We must be nearing the end of this sorry saga of the Open Source Initiative (OSI)’s Open Source AI Definition (OSAID), because we’ve reached the “Oh, won’t somebody please think of the children” stage at The Linux Foundation Member Summit, which is essentially a public admission that you’ve lost the debate. Specifically, their logical fallacy is appeal to emotion (“You attempted to manipulate an emotional response in place of a valid or compelling argument.”).
Curious as to what a New York Times article entitled “Automated tool gets it wrong” (actually A Dad Took Photos of His Naked Toddler for the Doctor. Google Flagged Him as a Criminal.) has to do with Open Source AI — having already had to dig deep to work out what #TravelingWhileTrans had to do with it — I went back through the archives and found this one (OSI at the United Nations OSPOs for Good) in which the OSI’s Executive Director had this to say:
One striking example is a popular dataset of images used for training many image generation AI tools, which contained child sexual abuse images for many years. A research paper highlighted this huge problem, but no one filed a bug report, and there was no easy way for the maintainers of this dataset to notice and remove those images.
They then go on to make the case against “radical openness”, which is to say, the level of openness required of Open Source by the Open Source Definition for the past quarter century (but sure, go ahead and paint the majority of your members as extremists):
While Open Source software and Open Source AI are still evolving, the necessary ingredients—data, code, and other components—are there. However, the data piece still needs to be debated and finalized. Pushing for radical openness with data has clear drawbacks and issues. It’s going to be a balance of intentions, aiming for the best outcome for the general public and the whole ecosystem.

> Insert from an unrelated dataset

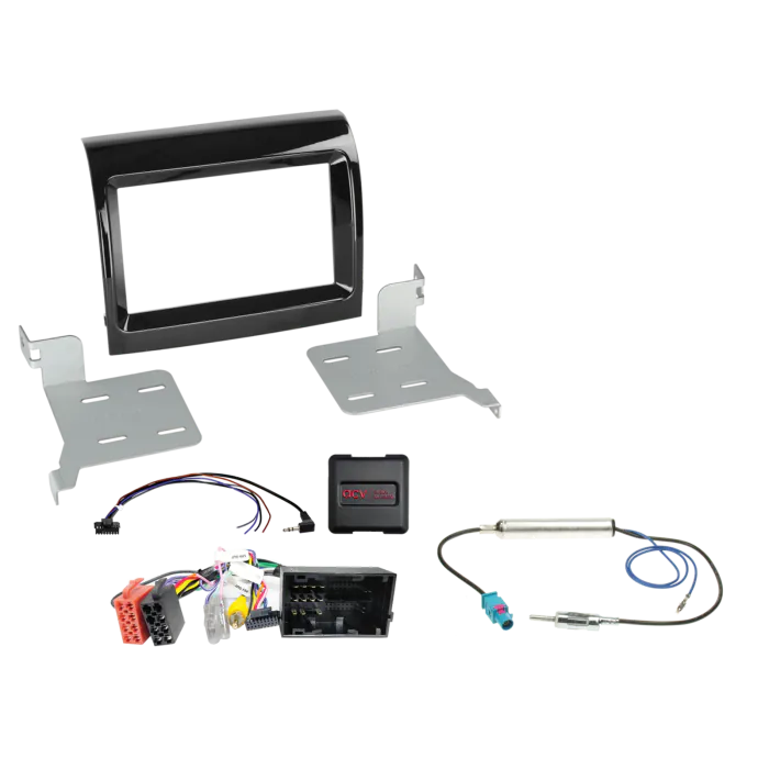 Installation Kit for Peugeot Boxer vehicles. This kit is supplied with a double DIN fascia panel, a steering wheel control interface, an antenna adapter and a universal patchlead

Given the OSI’s position is that vendors — coincidentally including the sponsors that pay their salaries — should be able to conceal the data they’ve used to train their “fauxpensource” models, what exactly are they trying to say here?

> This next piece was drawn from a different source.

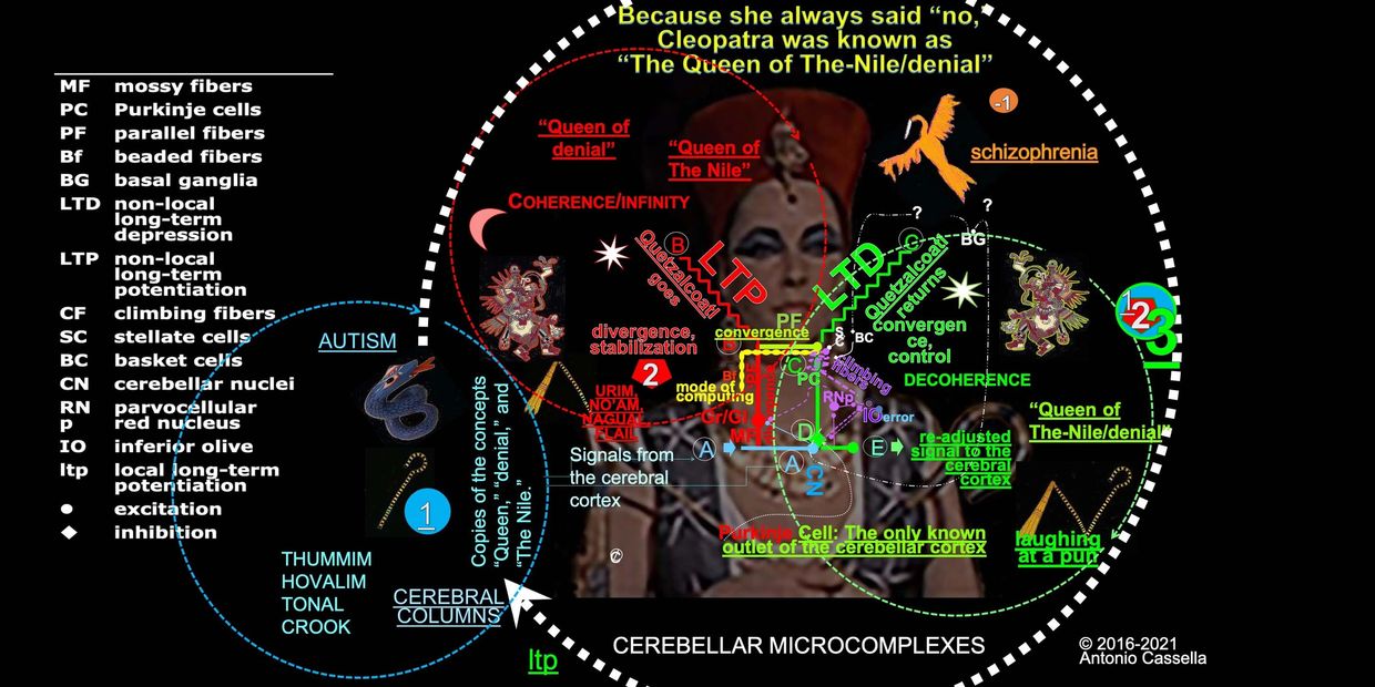 The figure above depicts the major traits of the neural circuitry that underlies the crossing of our cerebral capacity to faithfully remember the known and our cerebellar quantum computing capacity to overcome the ambiguity of polyvalent words, by harmonizing seemingly unrelated, or competing, pieces of information,

Assuming good faith I believe their point is that sharing data is hard to get right, but what’s the alternative? Black boxes that users have no way to study or modify to assess let alone address ethical, security (Turning Open Source AI Insecurity up to 11 with OSI’s RC1), or worse issues?
Were this “popular dataset of images used for training many image generation AI tools” not publicly accessible then researchers would never have even been able to discover this information. Or worse, models trained on it could use it to generate harmful outputs inadvertently, or deliberately (Extracting Training Data from Diffusion Models), turning hosts of such models into purveyors of explicit, illegal, copyrighted, sensitive, and other contraband information:
Image diffusion models such as DALL-E 2, Imagen, and Stable Diffusion have attracted significant attention due to their ability to generate high-quality synthetic images. In this work, we show that diffusion models memorize individual images from their training data and emit them at generation time. With a generate-and-filter pipeline, we extract over a thousand training examples from state-of-the-art models, ranging from photographs of individual people to trademarked company logos. We also train hundreds of diffusion models in various settings to analyze how different modeling and data decisions affect privacy. Overall, our results show that diffusion models are much less private than prior generative models such as GANs, and that mitigating these vulnerabilities may require new advances in privacy-preserving training.
Are we to believe that vendors looking to minimise costs and maximise revenues would do a better job than the public equipped with the data and tools like PhotoDNA? Are we really saying that the better system is one where the worst content imaginable can be part of an enterprise’s supply chain (like conflict diamonds or worse) and Software Bill Of Materials (SBOM) without their knowledge or consent?
Indeed, is this not making the opposite argument: that users ultimately responsible for the output of these models (given the limitations of liability in their terms of use) must absolutely be given what’s required to study and modify the models: the data? What are the implications for Open Weight models and their users? What about an Open Source AI definition (like OSAID) that does not require the data?